**TASK ITEM**
Without any pictures, print exactly the lines that run from the start of the data through the line containing "Fototapeta premium Adorable".

**GIVEN INFORMATION**
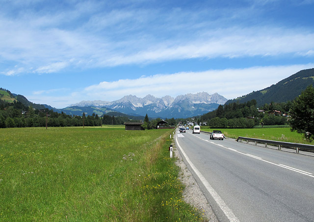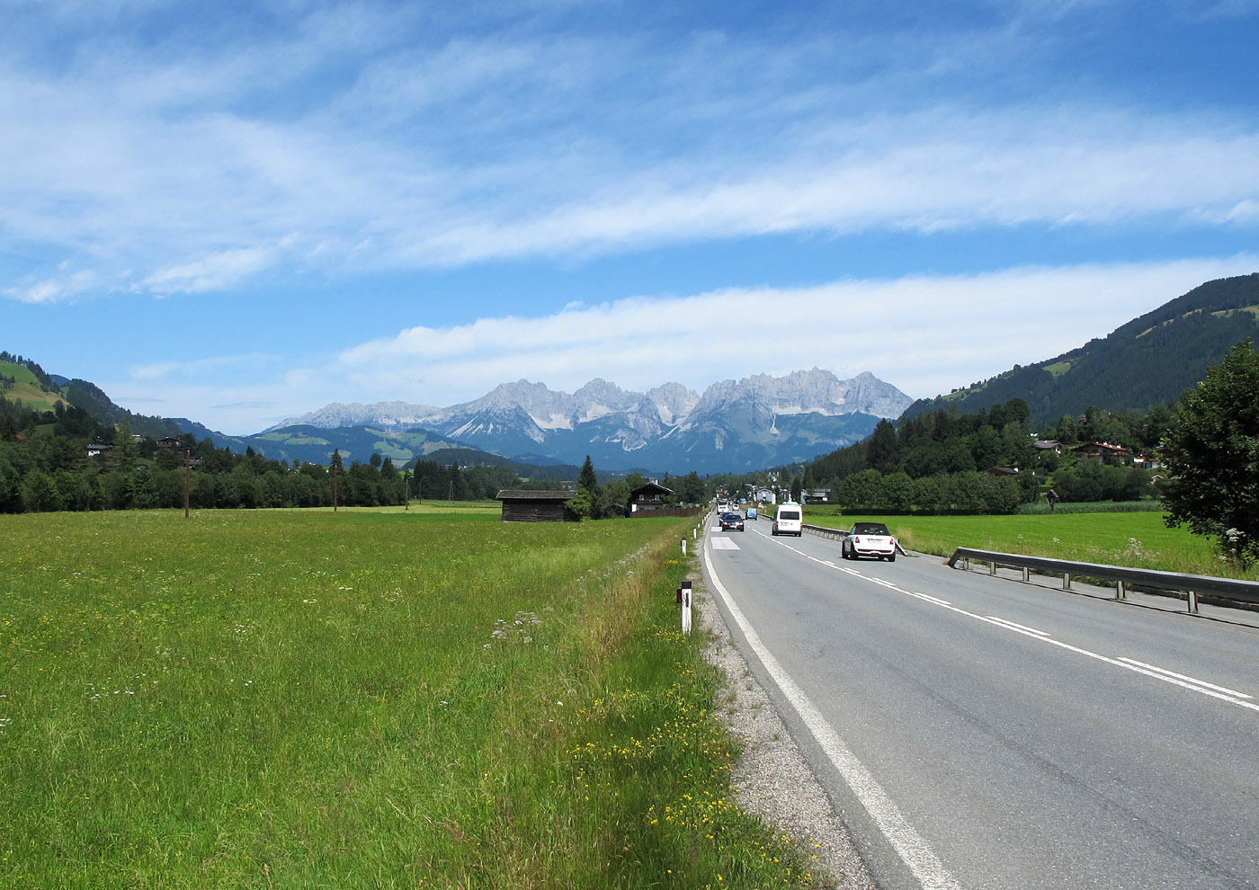 Das Bild zeigt das Kaisergebirge, das auf der Nordrampe lange Zeit gesehen werden kann. An dem Punkt ist man noch rund einen Kilometer von den Verkehrswirren des Talortes Kitzbühel entfernt.
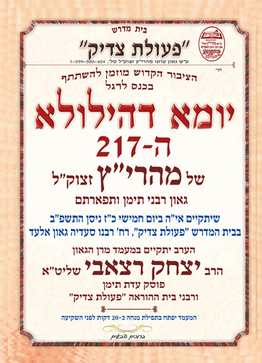 דרשה בענייני מסורת יהדות תימן, מפי מרן הגאון רבינו יצחק רצאבי שליט"א - פוסק עדת תימן, שנמסרה במסגרת הילולת מהרי"ץ ה-217, בבית המדרש "פעולת צדיק" בעיר אלעד ת"ו, בראשות בנו הרה"ג משה רצאבי שליט"א - רב הקהילה, אור לכ"ח ניסן התשפ"ב.
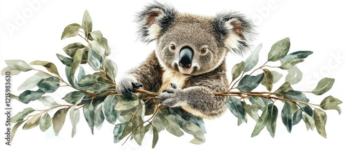 Fototapeta premium Adorable Koala on Eucalyptus Branch Watercolor Painting
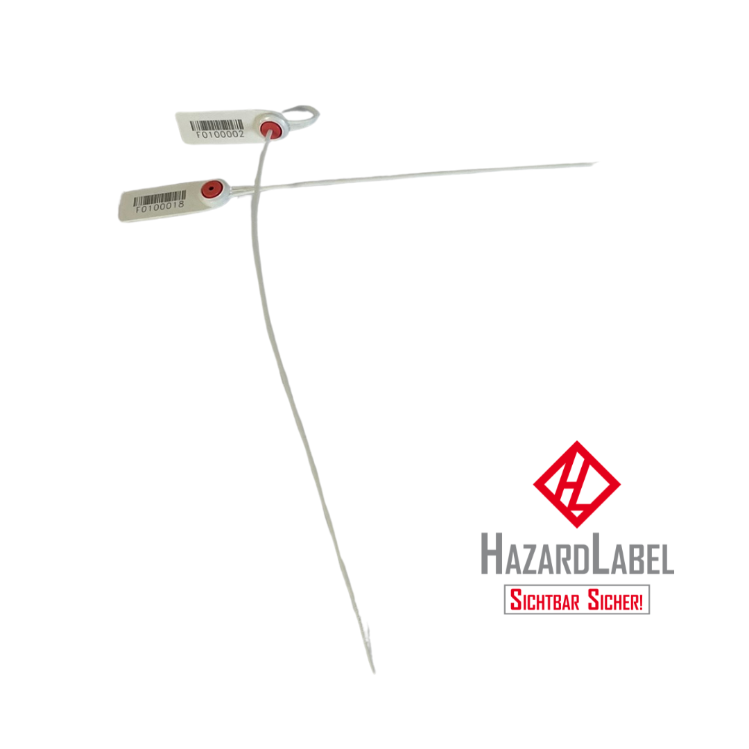 Diese Ausführung kommt in Weiß mit roter Verschlusskappe und ist mit einem Barcode 128 bedruckt. Jede Plombe trägt ein Präfix "F" sowie eine fortlaufend 7‑stellige Nummer, wodurch eine eindeutige Identifikation jederzeit gewährleistet ist.

**EXERCISE ANSWER**
 Das Bild zeigt das Kaisergebirge, das auf der Nordrampe lange Zeit gesehen werden kann. An dem Punkt ist man noch rund einen Kilometer von den Verkehrswirren des Talortes Kitzbühel entfernt.
 דרשה בענייני מסורת יהדות תימן, מפי מרן הגאון רבינו יצחק רצאבי שליט"א - פוסק עדת תימן, שנמסרה במסגרת הילולת מהרי"ץ ה-217, בבית המדרש "פעולת צדיק" בעיר אלעד ת"ו, בראשות בנו הרה"ג משה רצאבי שליט"א - רב הקהילה, אור לכ"ח ניסן התשפ"ב.
 Fototapeta premium Adorable Koala on Eucalyptus Branch Watercolor Painting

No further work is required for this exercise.